The first church building on the site was completed around 1627 as part of the original building of the town of Enniskillen by Sir William Cole. By 1832 that building had become structurally unsafe and was replaced by the present building, which was completed in 1842. The chancel was enlarged in 1889.

In 1923 the church was rededicated as St Macartin's Cathedral, thus becoming the second cathedral of Clogher Diocese.
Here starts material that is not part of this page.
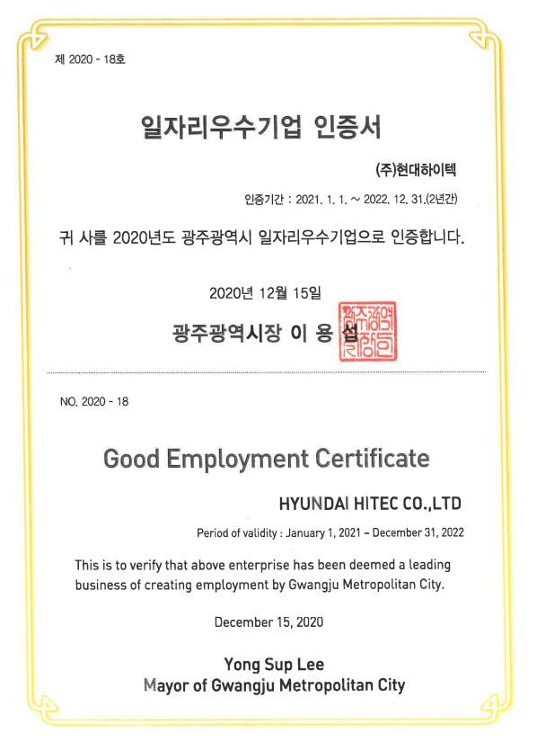 일자리우수기업 인증서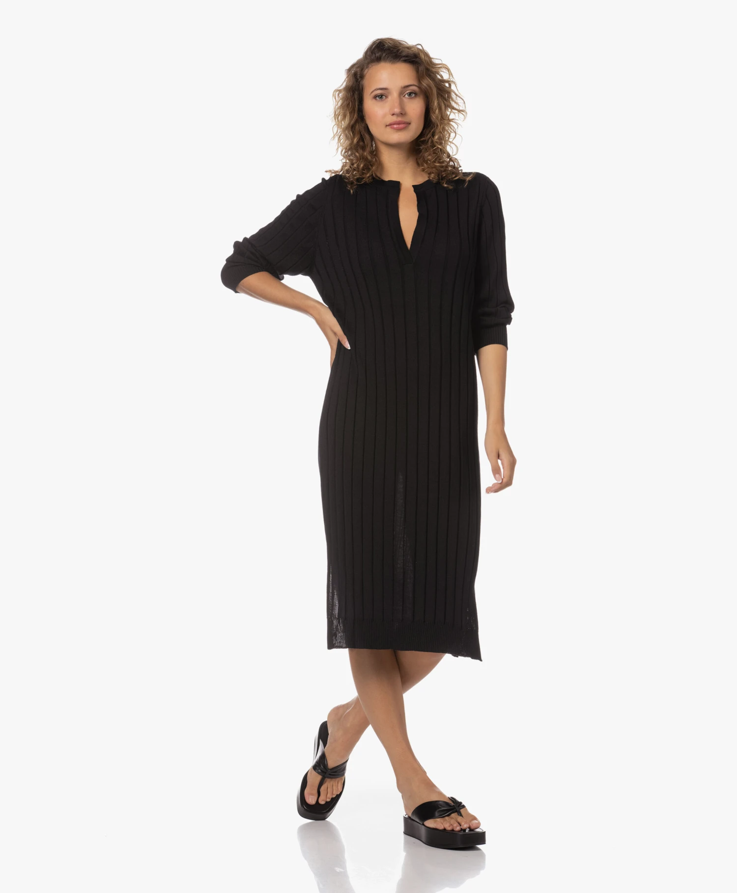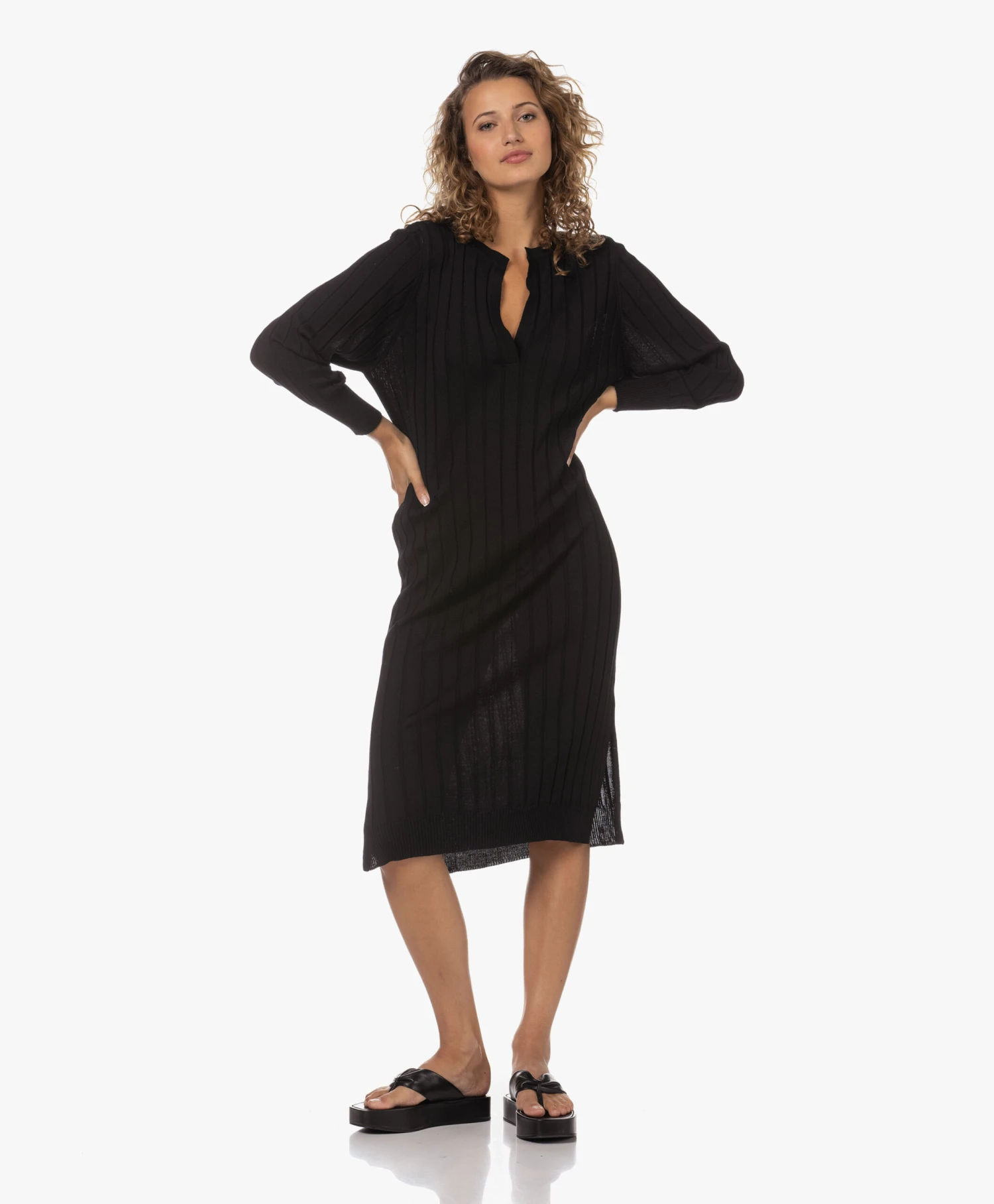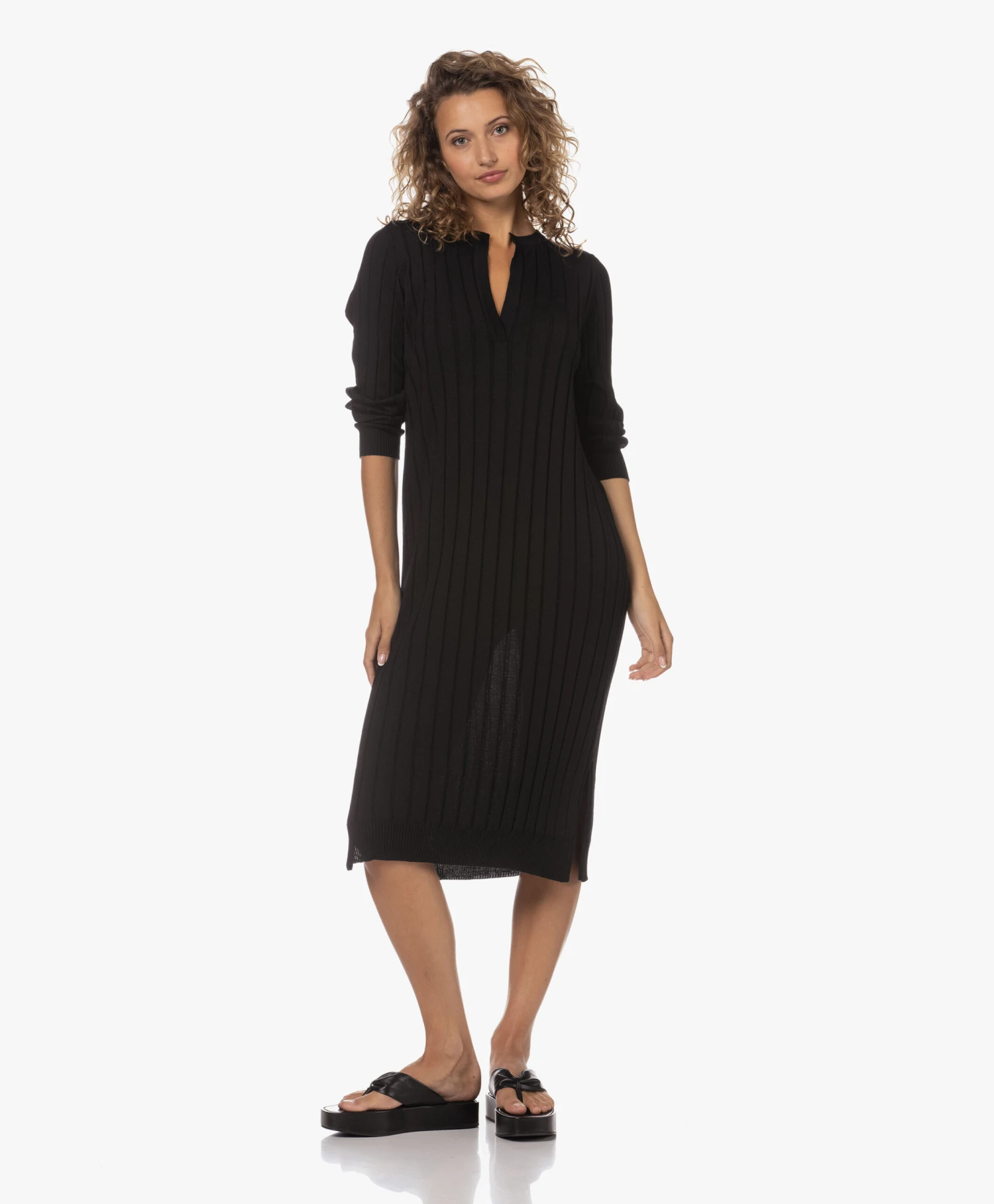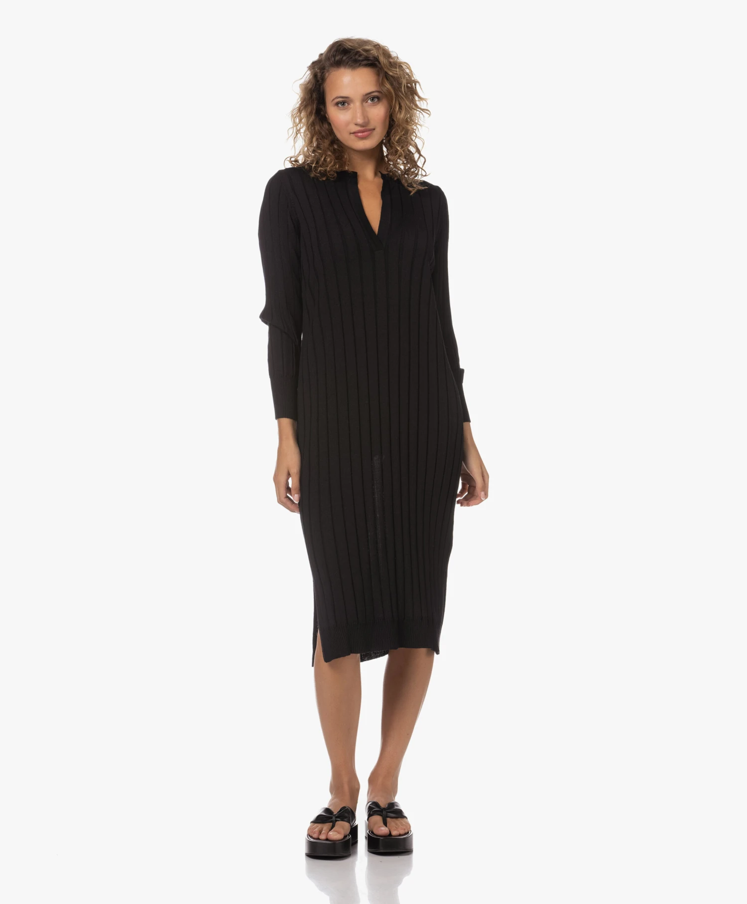 Ongeacht hoe je collectie gebreide jurken ervoor staat, voor Sibin/Linnebjerg’s zwarte Aberta jurk is vast nog wel een plekje te vinden. Daar ga je geen spijt van krijgen: de fijngebreide merinowollen jurk met brede ribstructuur en diepe halssplit straalt tijdloze klasse uit en draagt heerlijk comfortabel. Ons advies? Doen!

On 26 June 2012, Queen Elizabeth II attended a thanksgiving service at the cathedral for her Diamond Jubilee. The service was led by Kenneth Hall, the Dean of Clogher, the address was given by Alan Harper, the Anglican Archbishop of Armagh and the lesson was read by Peter Robinson, the First Minister of Northern Ireland. The intercession prayers were read by Ken Lindsay, the President of the Methodist Church in Ireland, Seán Brady, the Roman Catholic Archbishop of Armagh and Roy Patton, the Moderator of the General Assembly of the Presbyterian Church in Ireland. Following the service, the Queen made the short walk to St Michael's Catholic church where she met representatives of local community groups. This was the first time that she had visited a Catholic church in Northern Ireland.

In March 2023, the Cathedral celebrated 400 years of worship on the site, in a service attended by the Bishop of Clogher, Dean of Clogher, and Archbishop John McDowell, Primate of All Ireland, with a reading by the Lord Lieutenant of Fermanagh, Viscount Brookeborough.